The property sits in an Urban Core neighborhood with an A rating and ranks 131 out of 1,441 Los Angeles–Long Beach–Glendale metro neighborhoods, placing it in the top quartile locally. Neighborhood metrics indicate investor-friendly fundamentals such as solid occupancy and service-rich surroundings; these statistics reflect the neighborhood, not the property.
Amenity access is a clear strength, with grocery, parks, pharmacies, and dining density testing in the mid-90s national percentiles. Average school ratings trend above most U.S. neighborhoods (around the 73rd percentile nationally), which can help support resident retention among family renters.
The neighborhood’s renter-occupied share is approximately 66%, signaling a deep tenant base for multifamily. Neighborhood occupancy is about 95.8%, placing it above many U.S. areas (76th percentile nationally) and supportive of leasing stability for comparable assets.
With a neighborhood average construction year around 1967, a 1995 vintage positions this asset as newer than much of the local stock—typically enhancing competitive appeal versus older properties. Investors should still plan for systems modernization typical of 1990s construction while leveraging relative quality to reduce near-term capital pressure.
Ownership costs in the area are elevated by national standards (home values around the 95th percentile nationally), which tends to sustain reliance on rentals and can support pricing power. Meanwhile, neighborhood rent-to-income around 0.25 indicates manageable affordability pressure in an L.A.-area context, a positive for lease retention.
Within a 3-mile radius, recent trends show essentially flat population but rising household counts and smaller household sizes; forward-looking data points to population growth, a sizable increase in households by 2028, and a modest rise in the renter share. Together, these shifts suggest a larger tenant base and ongoing demand for rental units, supporting occupancy durability.

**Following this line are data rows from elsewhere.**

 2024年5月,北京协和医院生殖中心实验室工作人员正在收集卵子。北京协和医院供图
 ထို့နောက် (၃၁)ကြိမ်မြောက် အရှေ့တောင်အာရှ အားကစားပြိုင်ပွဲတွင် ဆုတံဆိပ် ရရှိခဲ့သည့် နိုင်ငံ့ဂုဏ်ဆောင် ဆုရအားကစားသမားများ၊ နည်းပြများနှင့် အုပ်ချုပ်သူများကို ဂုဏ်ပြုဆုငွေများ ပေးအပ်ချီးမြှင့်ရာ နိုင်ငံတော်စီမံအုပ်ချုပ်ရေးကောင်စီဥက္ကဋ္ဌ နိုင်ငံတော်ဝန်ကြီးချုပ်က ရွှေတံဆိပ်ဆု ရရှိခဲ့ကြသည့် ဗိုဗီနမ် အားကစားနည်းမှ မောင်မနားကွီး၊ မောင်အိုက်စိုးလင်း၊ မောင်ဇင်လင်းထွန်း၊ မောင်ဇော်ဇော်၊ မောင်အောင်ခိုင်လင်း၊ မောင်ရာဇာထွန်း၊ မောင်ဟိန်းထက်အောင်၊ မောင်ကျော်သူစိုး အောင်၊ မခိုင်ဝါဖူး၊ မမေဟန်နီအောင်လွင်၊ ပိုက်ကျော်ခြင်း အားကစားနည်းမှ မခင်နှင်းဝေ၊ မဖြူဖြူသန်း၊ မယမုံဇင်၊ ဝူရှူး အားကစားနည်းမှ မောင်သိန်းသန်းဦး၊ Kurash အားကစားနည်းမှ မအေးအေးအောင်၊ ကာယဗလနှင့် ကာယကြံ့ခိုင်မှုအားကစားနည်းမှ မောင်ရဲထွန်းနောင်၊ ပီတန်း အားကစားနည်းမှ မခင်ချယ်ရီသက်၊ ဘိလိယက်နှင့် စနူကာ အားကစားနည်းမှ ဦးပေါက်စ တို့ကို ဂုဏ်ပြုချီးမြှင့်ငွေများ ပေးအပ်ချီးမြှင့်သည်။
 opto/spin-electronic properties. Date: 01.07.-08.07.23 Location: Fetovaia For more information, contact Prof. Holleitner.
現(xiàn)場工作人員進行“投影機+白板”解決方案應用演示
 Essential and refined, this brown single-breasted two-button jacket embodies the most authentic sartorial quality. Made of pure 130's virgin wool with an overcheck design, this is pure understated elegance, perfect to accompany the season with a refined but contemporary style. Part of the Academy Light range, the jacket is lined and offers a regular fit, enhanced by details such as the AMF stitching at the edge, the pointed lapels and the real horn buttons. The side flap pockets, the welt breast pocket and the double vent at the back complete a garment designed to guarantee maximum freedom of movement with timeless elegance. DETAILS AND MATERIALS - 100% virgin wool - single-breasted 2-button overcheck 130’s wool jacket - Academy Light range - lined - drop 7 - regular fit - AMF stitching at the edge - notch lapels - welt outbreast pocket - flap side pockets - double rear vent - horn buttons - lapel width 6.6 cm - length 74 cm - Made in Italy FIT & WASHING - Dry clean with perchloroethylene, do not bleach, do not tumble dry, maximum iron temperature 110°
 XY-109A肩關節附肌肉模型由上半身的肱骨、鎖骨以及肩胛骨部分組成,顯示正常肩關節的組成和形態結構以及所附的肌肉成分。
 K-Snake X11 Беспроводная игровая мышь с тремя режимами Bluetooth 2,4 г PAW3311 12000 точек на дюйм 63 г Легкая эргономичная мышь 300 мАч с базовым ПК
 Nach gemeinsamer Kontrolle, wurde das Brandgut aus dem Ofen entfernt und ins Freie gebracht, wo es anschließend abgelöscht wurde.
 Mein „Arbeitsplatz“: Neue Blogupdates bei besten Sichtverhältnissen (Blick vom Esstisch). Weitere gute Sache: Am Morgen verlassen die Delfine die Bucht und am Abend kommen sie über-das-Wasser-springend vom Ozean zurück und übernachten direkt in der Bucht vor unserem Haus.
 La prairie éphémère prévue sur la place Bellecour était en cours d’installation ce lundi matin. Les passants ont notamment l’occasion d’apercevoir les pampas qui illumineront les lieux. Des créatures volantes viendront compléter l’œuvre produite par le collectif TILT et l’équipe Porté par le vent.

Safety indicators for the neighborhood are competitive among Los Angeles–Long Beach–Glendale neighborhoods (ranked 538 out of 1,441), and compare favorably to many U.S. areas (around the 67th percentile nationally). These statistics describe neighborhood conditions rather than any specific block or property.

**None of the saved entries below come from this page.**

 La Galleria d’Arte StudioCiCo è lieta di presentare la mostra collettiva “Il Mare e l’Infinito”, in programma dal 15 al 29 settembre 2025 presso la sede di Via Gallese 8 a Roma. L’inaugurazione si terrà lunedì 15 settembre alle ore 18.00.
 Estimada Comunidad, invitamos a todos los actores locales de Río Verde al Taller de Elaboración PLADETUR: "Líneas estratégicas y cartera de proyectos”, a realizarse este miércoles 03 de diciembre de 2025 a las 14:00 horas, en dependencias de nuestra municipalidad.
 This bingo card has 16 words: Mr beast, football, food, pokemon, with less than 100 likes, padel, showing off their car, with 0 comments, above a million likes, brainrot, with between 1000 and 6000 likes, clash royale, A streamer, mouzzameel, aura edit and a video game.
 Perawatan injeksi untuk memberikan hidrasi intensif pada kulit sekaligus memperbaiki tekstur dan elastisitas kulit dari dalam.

Recent trends are mixed: violent offense measures sit in a strong position nationally (about the 88th percentile) with notable year-over-year improvement, while property offense readings are better than average (roughly the 77th percentile) but have shown a recent uptick. Investors should monitor these dynamics over time as part of standard risk assessment.
Proximity to established corporate employers supports a stable renter pool and commute convenience for residents. Nearby anchors include Chevron, Edison International, International Paper, Avery Dennison, and Reliance Steel & Aluminum.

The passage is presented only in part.